A recent Ponemon Institute report noted that the C-Suite now, more
than ever, understands that just one serious security incident or data
breach could derail the growth and profitability of their companies
because of impact to brand and the cost to remediate, fines and legal
fees and customer loss. As a result, the role of the Chief Information
Security Officer (CISO) is growing in importance, as is the need to
have an enterprise-wide IT security strategy that supports the
company’s mission and goals.

Why does all of that matter to physical enterprise security?

Two reasons, says John McClurg, Sr.
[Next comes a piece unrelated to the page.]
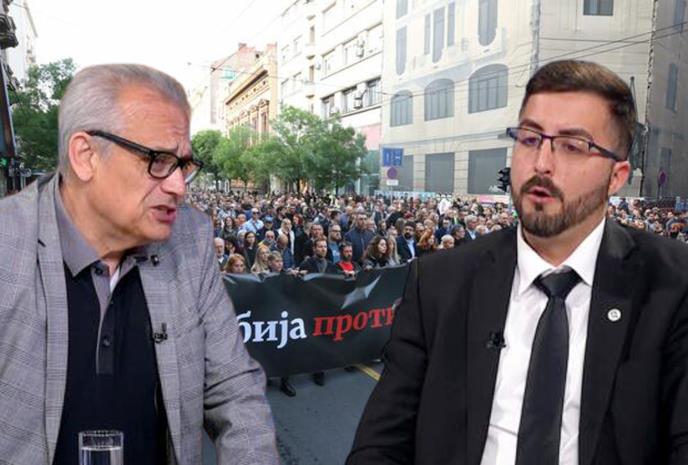 Aleksandar Gajović, novinar i publicista i Nebojša Obrknežev, iz Centra za društvenu stabilnost komentarisali su dešavanja ispred Vlade Srbije na jučerašnjem protestu 8. maja 2023. godine.

VP and CISO at BlackBerry. McClurg
is an enterprise security executive, who advanced a CSO role at Dell,
as well as at Honeywell International and Lucent/Bell Laboratories.

First, an elevated focus on the growing interdependencies between the
physical and cybersecurity worlds leads to the consideration of a
converged organizational structure, under an CSO who has both cyber
and physical security responsibilities.

“I first saw convergence with my role at Lucent,” McClurg says, “The
older view of separating physical and logical security is changing in
enterprises, to where it is now quite common to find corporations
where the corporate security and IT security worlds are fused
together. Both roles don’t get appreciation every day, but they
certainly get the blame when it goes wrong.”

Bringing two such distinct disciplines together is not easy. The
personality types of corporate and cybersecurity directors can be very
different, simply by the roles they’re hired to fill. However, says
McClurg, “You need to coordinate and work hand and glove together so
neither side is surprised, in order to execute solutions. That
requires the cooperation with the IT side that owns the company
network.”

Another reason, says McClurg, is that increasingly, both physical and
IT Security programs have the same reporting structure, whether it’s
to the CEO or the CFO.

“I have reported to many CFOs in my career, and there is something
appealing about reporting to the guy who holds the dollars,” McClurg
says. “A challenge with reporting to the CEO can arise out of the
management principle of span of control, wherein a CEO may not be able
to handle a large number of direct reports. That can introduce the
risk of serving them all less well.”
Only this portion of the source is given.